Parsing XML is expensive

Using tests to identify performance issues

Posted by John Thomas 3-Aug-2016

These days, testing your code is easy. Tools like RSpec are mature, giving you little excuse to not having good test coverage over your code. (And don't forget that TDD is sexy...) Most people find that tests can improve the design of the code, and that tests give visibility and feedback nearly instantaneously. Today I found another great benefit of unit tests: identifying performance bottlenecks.

It's easy to get lost in building new features and meeting deadlines, while forgetting to benchmark code. I was running my RSpec test suite the other day, and noticed some rather sluggish behavior. These tests where entirely composed of unit tests; no integration tests where there slowing down performance. Annoyed with the length of my tests, I dug deeper into which tests were taking too much time. I noticed a couple things:

1) My tests were not written well :).

I had a lot of tests that were there solely to validate certain data transformations. Transformations that would be done by a single method. My tests looked like this:

context '#transform_data' do

  before do
    @my_data = MyDataObject.new
    @my_data.transform_data
  end

  it 'sets key1' do
    expect(@my_data["key1"]).to_no eq(nil)
  end

  ...

  it 'sets key2' do
    expect(@my_data["key2"]).to_no eq(nil)
  end


end

Since I was doing validation in all of my 'it' assertions, and no transformation, I could have used a before(:all) block to call the #transform_data() method only once. That would have made my test suite run much faster, but at the time I didn't care, as my tests were "dry".

2) The #transform_data() funciton was slow.

The fact that I was running #transform_data() on every assertions actually allowed me to recognize how slow that method was. Looking into this method, I could see that it was basically just parsing XML and then transforming the data into a modified structure. Although I thought I knew the culprit, I ran some profilers to see what was taking so long. Sure enough, it was the XML parser. Up to this point I was parsing XML using the standard Hash.from_xml() method.

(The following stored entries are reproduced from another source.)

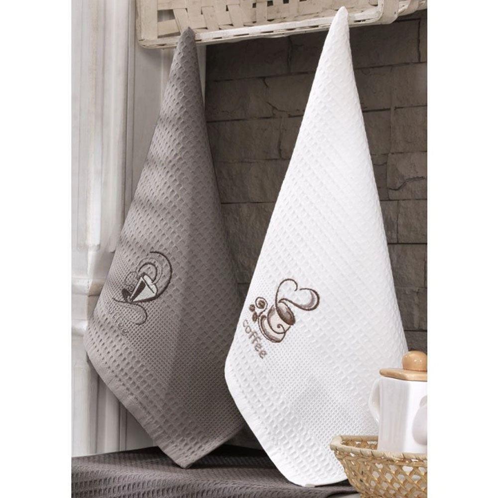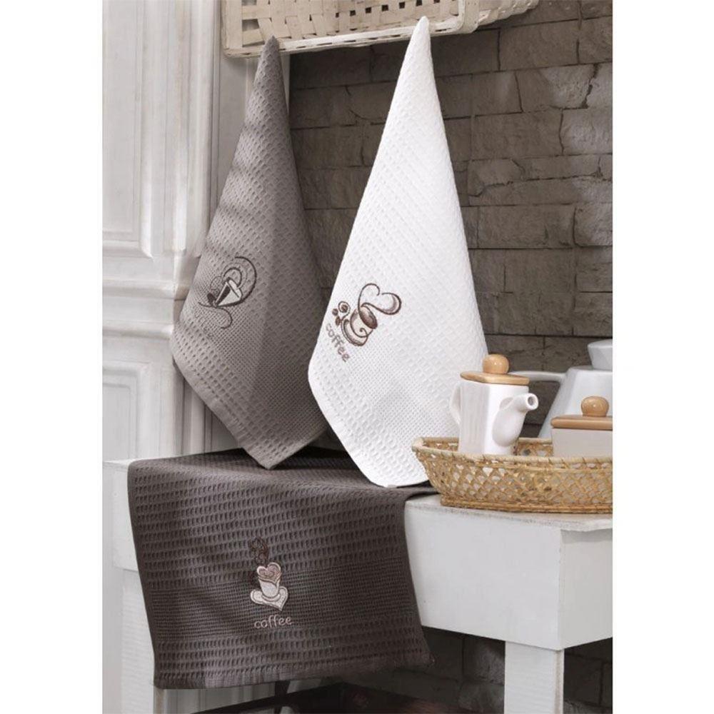 Ręczniki waflowe są idealnym dodatkiem do każdej kuchni, a ten zestaw jest idealnym prezentem dla miłośników kawy. Wykonane w 100% z bawełny, co gwarantuje ich wysoką chłonność i długą żywotność. Wzór waflowy z dekoracją filiżanek kawy i napisami "coffee" nadaje kuchni elegancki i stylowy wygląd.
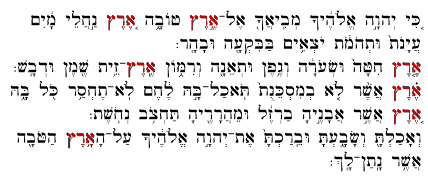 The Rabbis find another 5 occurrences nearby to make a total of twelve, and suggest, "one 'ha'aretz' for each of the 12 tribes: the land of this one, was not like the land of that one; the fruit of this one was not the fruit of that one; the hills of this one were not the hills of that one." Each tribe had their own 'ha'aretz.'
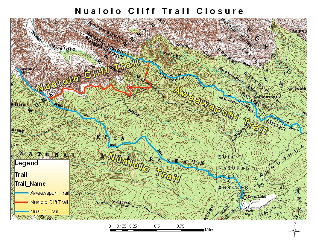 LIHUE — Effective May 9, the Department of Land and Natural Resources (DLNR) will close for an indefinite period the 2.1 mile long Nualolo Cliff hiking trail in the Na Pali-Kona Forest Reserve on the north-west coast of Kauai. The trail closure is due to unsafe trail conditions including washed out and eroded trail near the 1.5 and 1.75 mile markers. The trail tread is only six inches wide in some places.
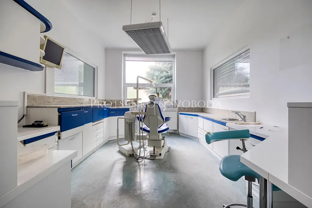 • Ordinace v přízemí (cca 130 m²) — čekárna, 3 samostatné ordinace, laboratoř, kancelář, sklady, sociální zázemí.
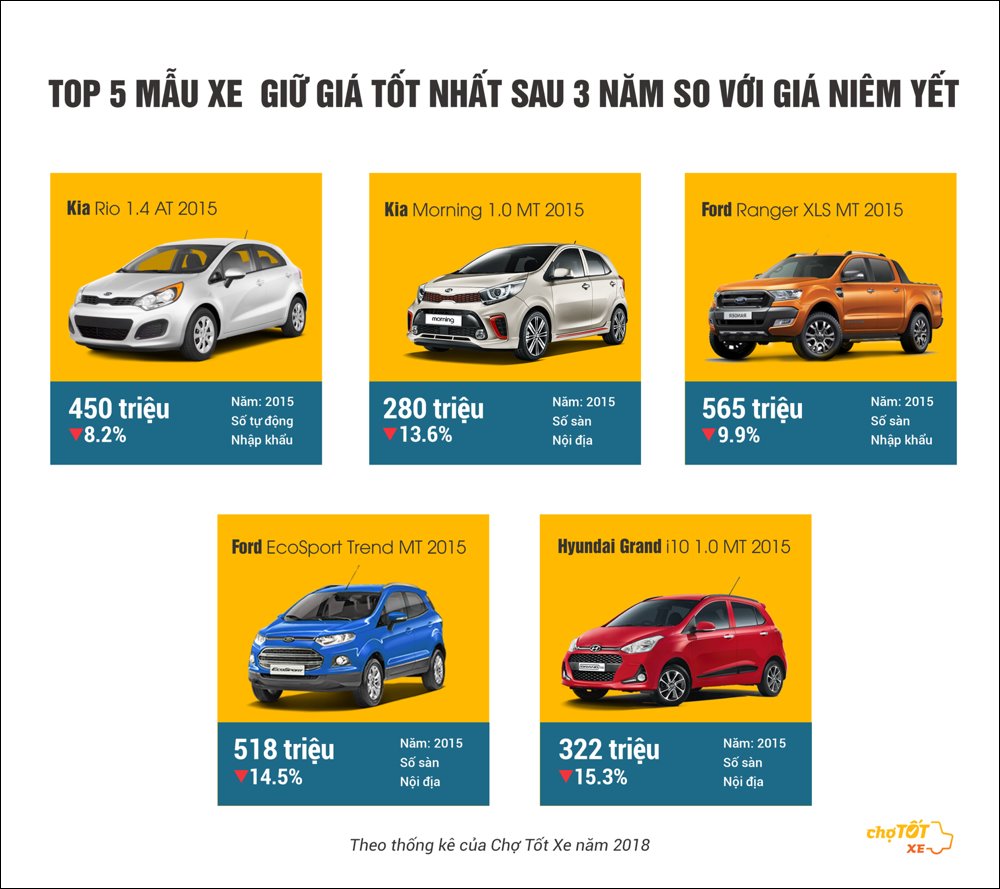 Còn đối với những ai muốn mua xe trên nguyên tắc "bảo toàn giá trị, giữ giá, dễ bán", top 5 mẫu xe giữ giá tốt được thống kế Chợ Tốt Xe là những gợi ý không thể bỏ qua. Sau 3 năm lăn bánh, top 5 mẫu xe giữ giá nhất thị trường chỉ giảm trung bình dưới 16% so với giá bán xe niêm yết ban đầu. Đây quả là một con số "đáng mơ ước" nếu chủ xe từ khi mua đã nhắm tới việc bán lại.
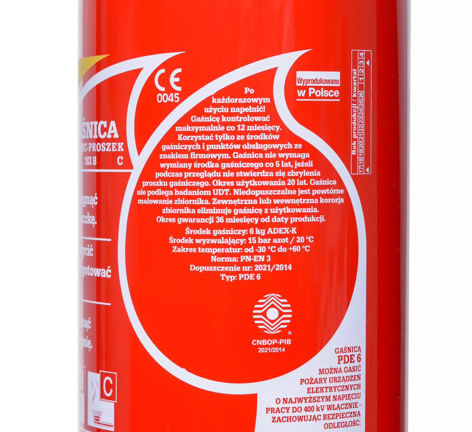 Gaśnica wyprodukowana zgodnie z wszystkimi wymaganiami norm PN-EN-3-7, EN-3-8, EN-3-9, EN-3-10
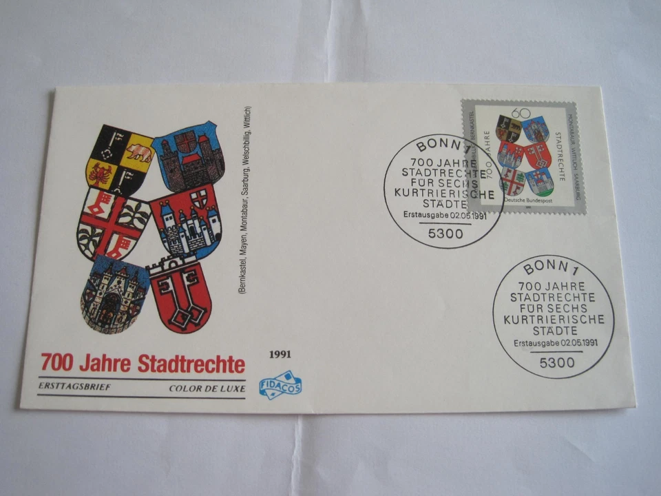 Germany 1991 City Rights 700th anniv stamp on FD cover....q5
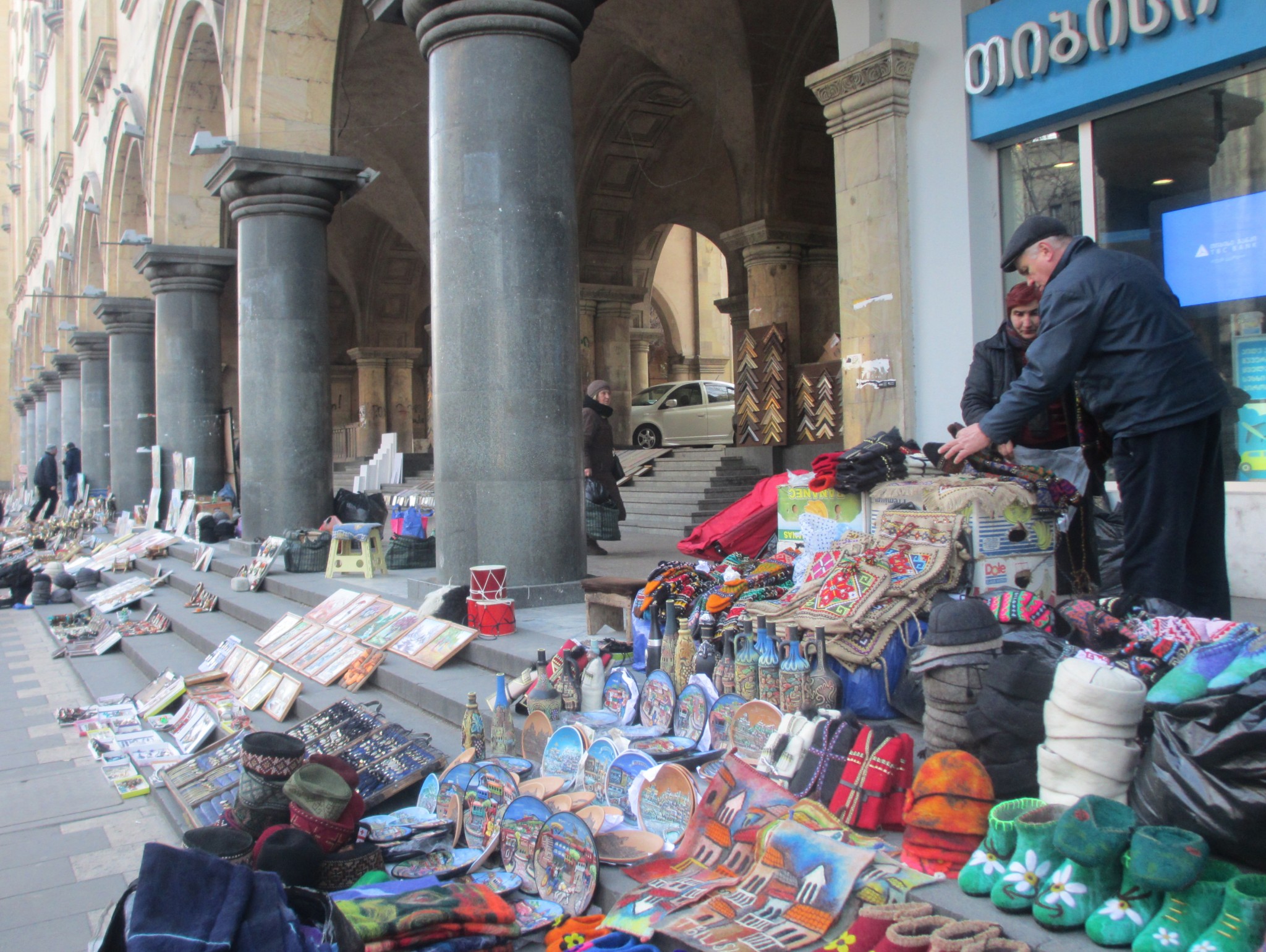 Торговля сувенирами у здания Академии наук на проспекте Руставели
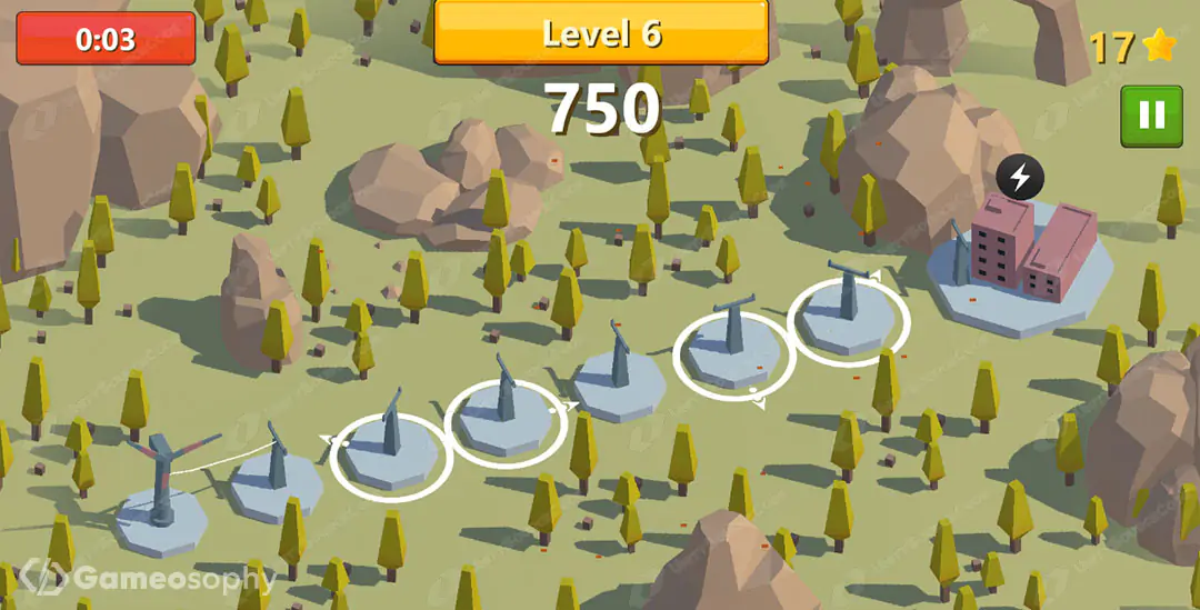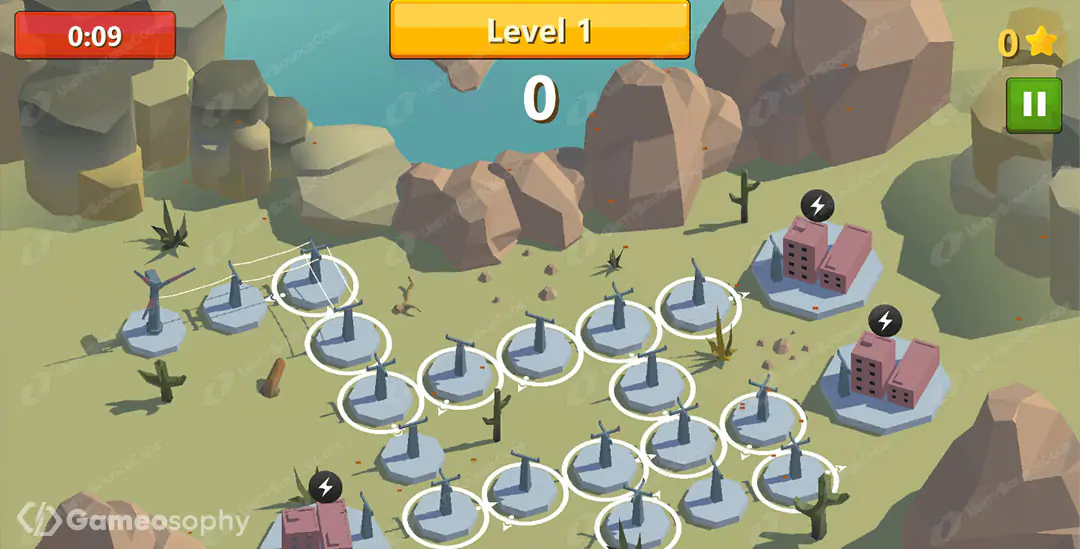 Gameplay Progression: As you advance through levels, the complexity increases, introducing clusters of power lines. Tapping one rotates multiple lines.
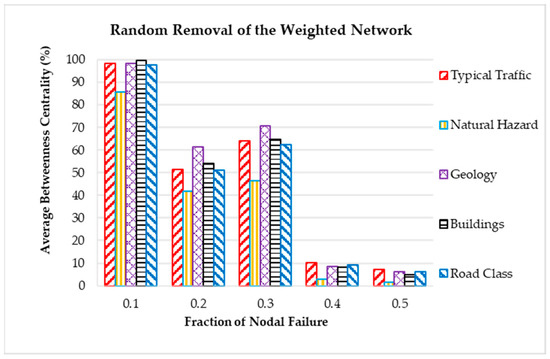 The topological parameters of the weighted network were interpreted through random nodal removal after each removal fraction. The average nodal degree, straightness, and connectivity indices of all weighted scenarios showed a significant downward trend. The most noteworthy trend was the average betweenness centrality, which decreased significantly for all cases after the second random removal, as shown in Figure 7. However, nodes in the degraded network were rearranged to form newly separated clusters, as reflected by the slight increase observed in the bar chart at the third removal iteration. Overall, the substantial decrease in the topological parameter indicates a network structure failure that can lead to severe resource scarcity and hinder emergency teams. Moreover, the network exhibited a low average path length, suggesting structural characteristics similar to both random and small-world networks. In such topologies, the impact of node removal—whether random or targeted—tends to be more evenly distributed across the system [60]. This stands in contrast to scale-free networks, which, while highly resilient to random failures, are disproportionately vulnerable to targeted attacks on high-degree hubs [61]. In random networks, where most node degrees are concentrated around the average degree, the structure is practical but remains susceptible to random disruptions. Similarly, in the case of the Beirut network, system efficiency tends to decline under repeated random node removals, particularly when structurally significant nodes are impacted.
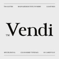 Introducing Vendi font is a stylish Serif typeface characterized by its clean lines and unique features, especially its slightly curved serifs. The serifs, or the small decorative strokes at the end of the characters’ main strokes, exhibit a subtle curvature that sets Vendi apart from more traditional Serif fonts. This curvature adds a touch of elegance and personality to the font, giving it a distinct appearance while maintaining a clean and professional aesthetic. Overall, Vendi combines the classic sophistication of Serif typefaces with a modern twist, making it suitable for a wide range of design projects where clarity and uniqueness are desired.
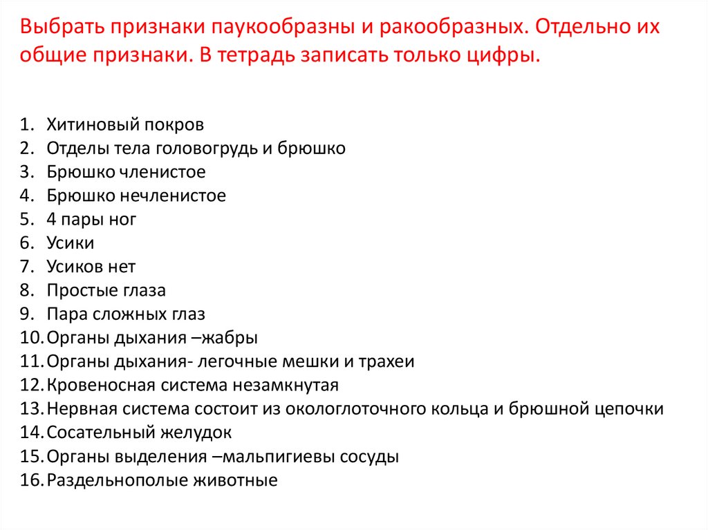Выбрать признаки паукообразны и ракообразных. Отдельно ихобщие признаки. В тетрадь записать только цифры.
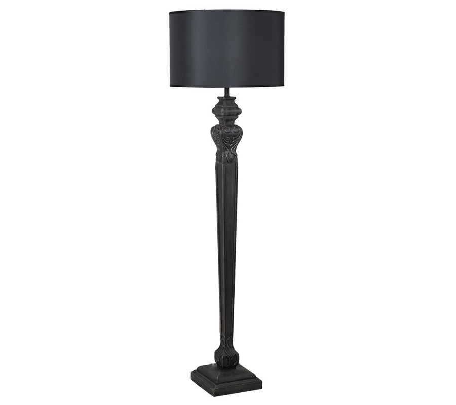 Štýlová vintage čierna stojaca lampa Samir s oválnym tienidlom a vyrezávanou nohou 157 cm
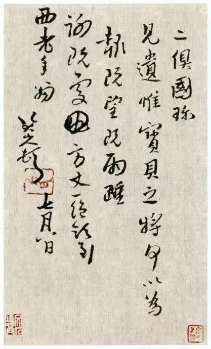 八大山人书法作品中线条粗细始终比较均匀,线条推移远未达到怀素狂草的速度,线条内部运动与怀素相比,也比较单纯。就线条质地而言,八大山人在节奏的丰富性和气势上有所损失,但换取了以彻底的中锋所铸造出的坚实的基础,这对于他的绘画创作具有极为重要的意义。
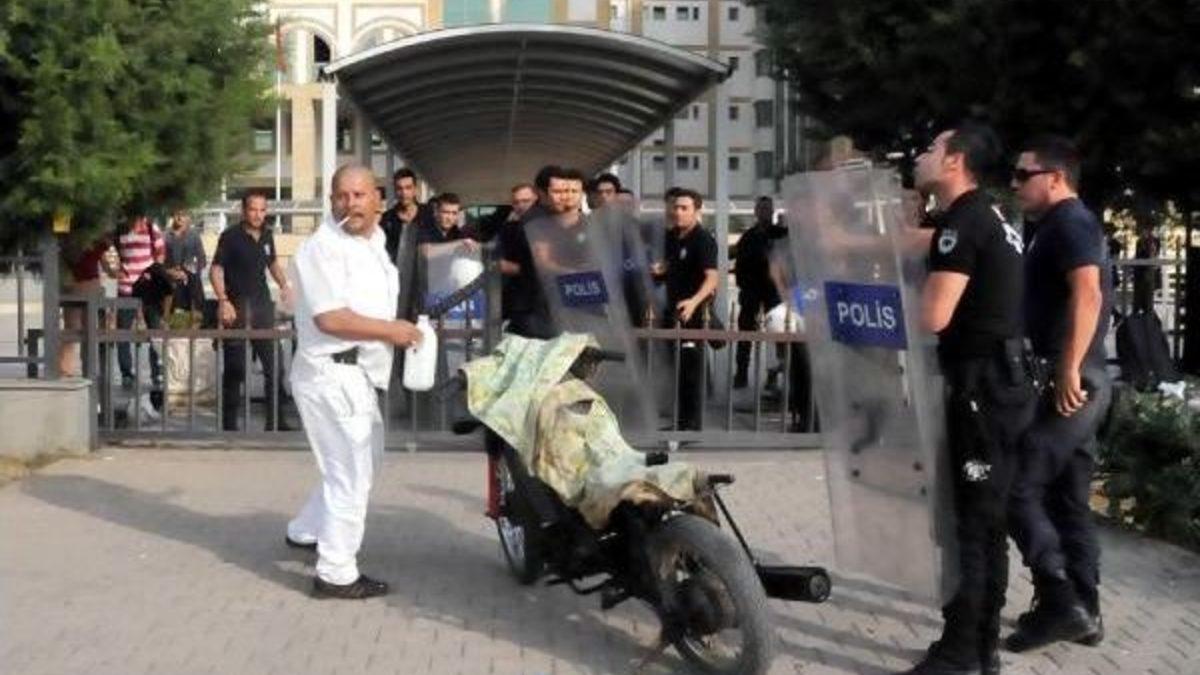 "Adliye bahçesine girişimize izin verilmediği için dışarıda toplanmıştık. Bu sırada Süleyman Harmankaya motosikletiyle adliyenin önüne geldi. Motosikletine gaz verip gürültü yapıyordu. Ardından yanımıza gelip bana ve arkadaşım Vural Köse'ye küfretti. Biz kendisiyle muhatap olmak istemedik. Bulunduğumuz yerden uzaklaştık. Bir süre sonra sanık da motosikletine binip adliye önünden ayrıldı. Aradan yarım saat kadar geçtikten sonra sanık bu kez benzin dolu bir bidonla gelip, yere döktü. Ardından benzini çakmakla tutuşturmaya çalıştı, ancak beceremedi. Ayrıca elindeki palaya benzer kesici aletle bana ve arkadaşım Vural Köse'ye saldırdı. Bunun üzerine arkadaşımla ben geri çekilmek durumunda kaldık. Daha sonra polisler gelip şahsı aldılar."
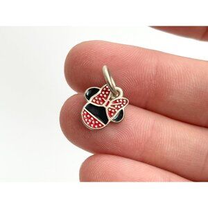 Lovely sterling silver red and black enameled Minnie Mouse shaped figural pendant. The pendant is tiny and marked with ALE and 925 on the posterior. Beautiful piece.
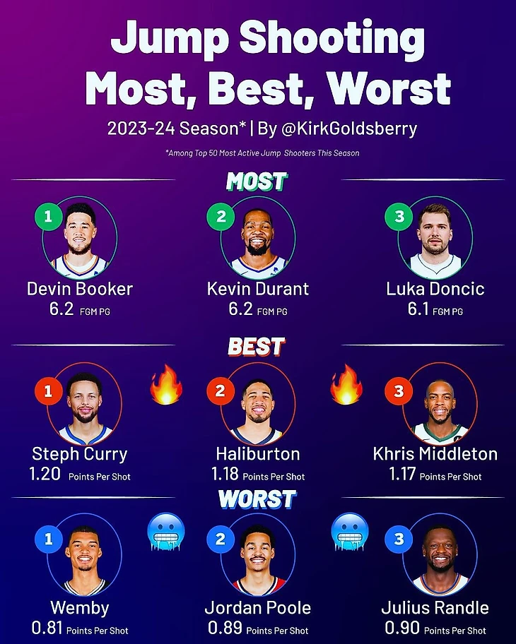 Разыгрывающий «Голден Стэйт» Стефен Карри занимает 1-е место среди самых эффективных игроков по данному показателю. Он набирает 1,2 очка в среднем на один бросок в прыжке.
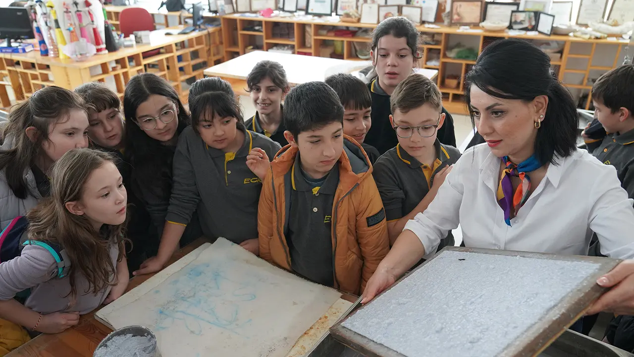 Öğrenciler, atık kâğıtların hamura dönüştürülme ve yeniden kâğıt haline getirilme süreçlerini yerinde inceledi. 2009 yılından bu yana faaliyet gösteren atölyede dikkat çeken bir uygulama da paylaşıldı: Belediyeye gönderilen çiçek buketleri çöpe atılmıyor, atık kâğıtlarla harmanlanarak kâğıt hamuruna katılıyor.
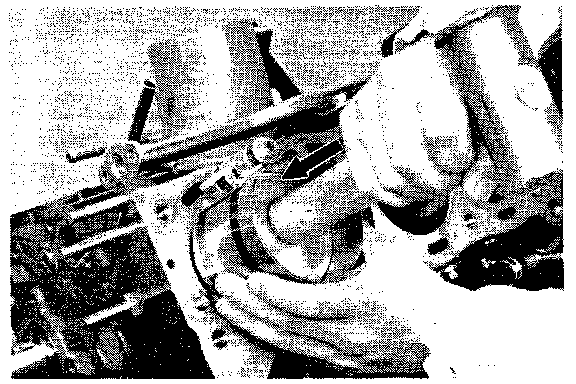 3. Push in the piston/connecting rod assembly with the notch facing forward as shown. The mark on the connecting rod should also face towards the front.

Needless to say, I was able to replace that method with a much more efficient XML to Hash parser (XmlHasher.) After I made the change, the method was about 3 times faster, my test suite ran much faster, and I was a happy coder again.

The interesting part about this is that the Hash.from_xml() method only took a couple hundred milliseconds to complete (this was a rather large XML string.) And there was almost no way that I would have noticed a 100ms slowdown without running a profiler on my code (something I probably should have done.) It was actually due to my inefficient tests that I was able to notice this potential performance issue.